No, You Did Not Get COVID-19 in the Fall of 2019

Let’s start with the facts. I reached out to Stanford Medicine to try to understand the goals of its antibody test, and how it relates to Hanson’s fall 2019 theory. The short answer on the latter is that it doesn’t. “Our research does not suggest that the virus was here that early,” says Lisa Kim of Stanford’s media relations team.

Neither does anyone else’s, it appears. “There is zero probability [SARS-CoV-2] was circulating in fall 2019,” tweeted Trevor Bedford, a computational biologist at Fred Hutchinson Cancer Research Center who has been tracking SARS-CoV-2’s genetic code as it has spread. Allison Black, a genomic epidemiologist working in Bedford’s lab, says this is apparent from researchers’ data. As the virus spreads, it also mutates, much like the way words change in a game of Telephone. By sequencing the virus’s genome from different individual samples, researchers can track strains of the coronavirus back to its origins. They have been continually updating their findings on Nextstrain. (In case you’re wondering, the strains have nothing to do with severity of illness. They’re simply a way to track the virus’s mutations over time.)

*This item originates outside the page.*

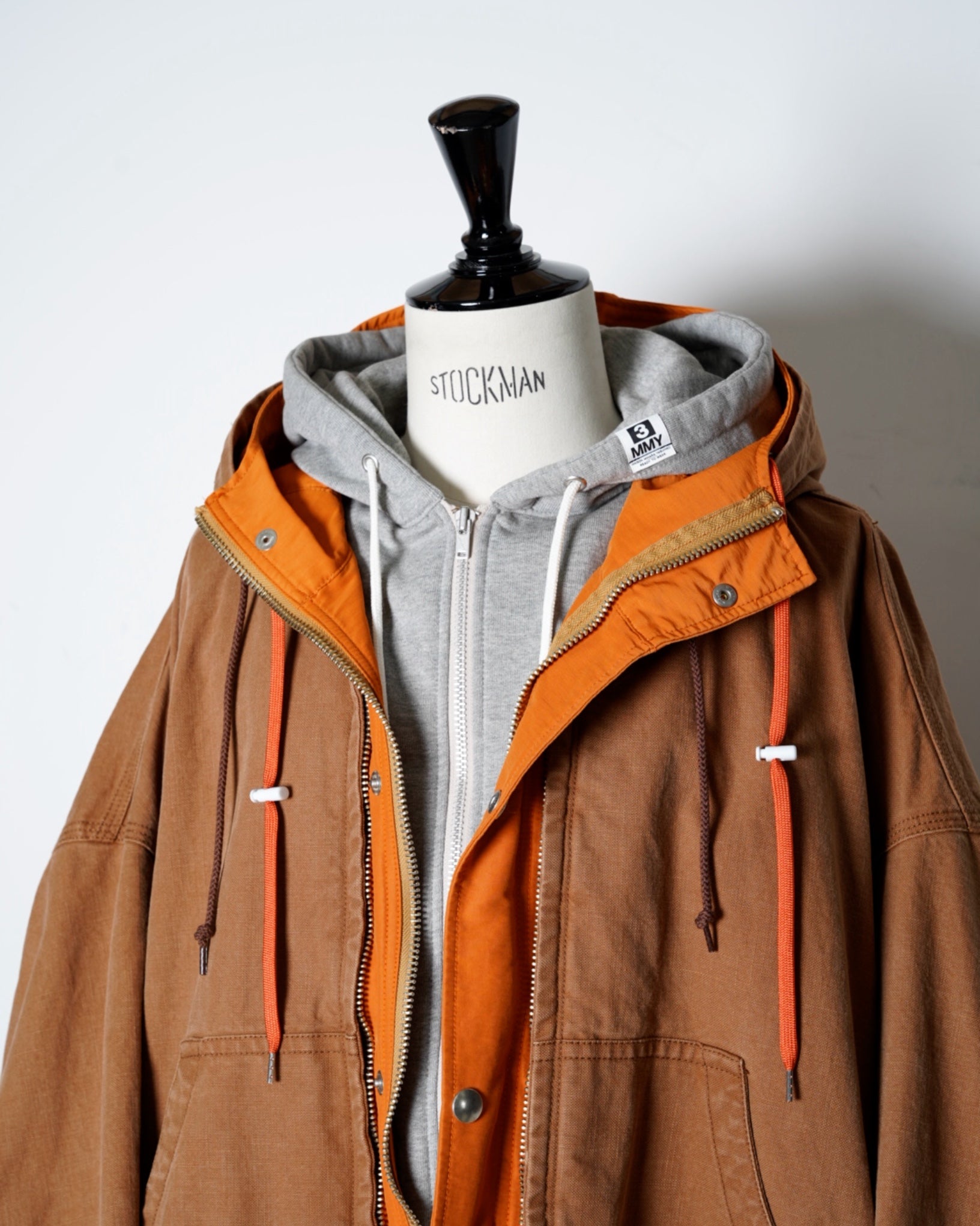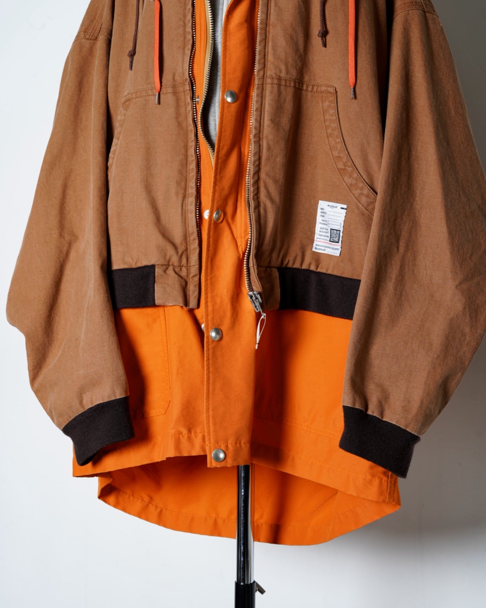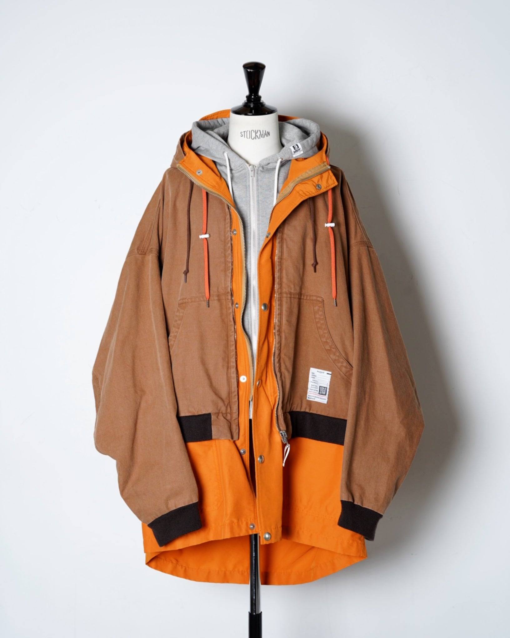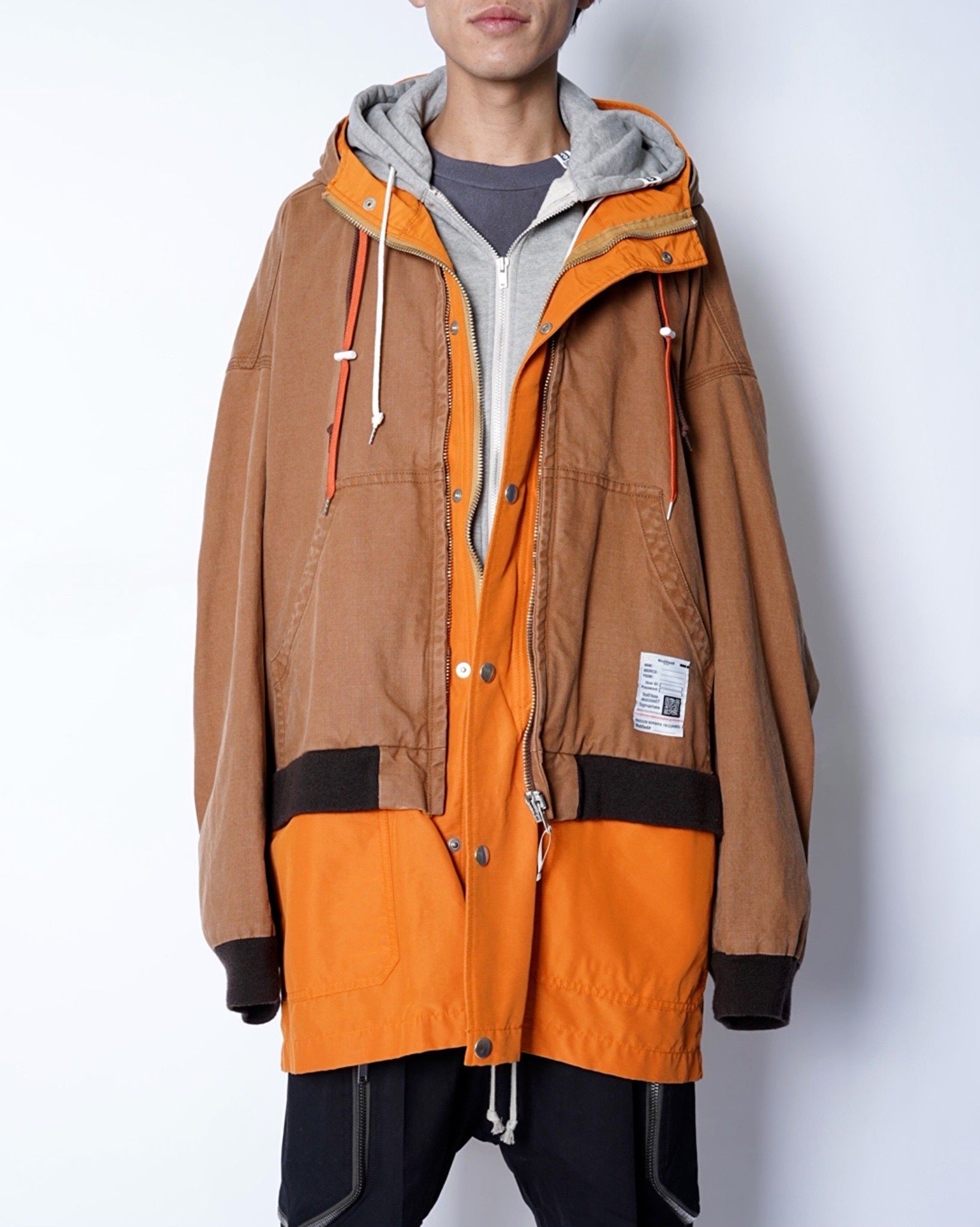 ・ワークジャケット、フーデッドコート、スウェットフーディーの3層ドッキングのミハラヤスヒロらしい大胆でユニークなデザイン。

Richard Neher, an evolutionary biologist at the University of Basel in Switzerland, told the Scientist that Nextstrain researchers’ work has tracked the virus back to a single source “somewhere between mid-November and early December,” which then spread in China. The earliest cases in the U.S. appeared in January 2020, according to Nextstrain’s sequencing work. Washington state, where the first known COVID-19 case in the U.S. was identified, has at least six strains. A similar analysis of California’s coronavirus cases—which has yet to be peer-reviewed—identified at least eight strains in the state, suggesting transmission from Washington state, New York, Europe, and China.

If genomics isn’t your thing, consider this: If the virus had arrived earlier, we would have known. Humans have no natural immunity to this new virus, which is why it’s spreading quickly, infecting millions and killing tens of thousands. That’s evident in what’s going on in New York right now, says Black. “If it had arrived in fall of 2019, and we were all living our lives as normal, we would’ve had New York back in fall of 2019,” she says. There’s no reason why this virus would have spread undetected for months before wreaking the havoc it has.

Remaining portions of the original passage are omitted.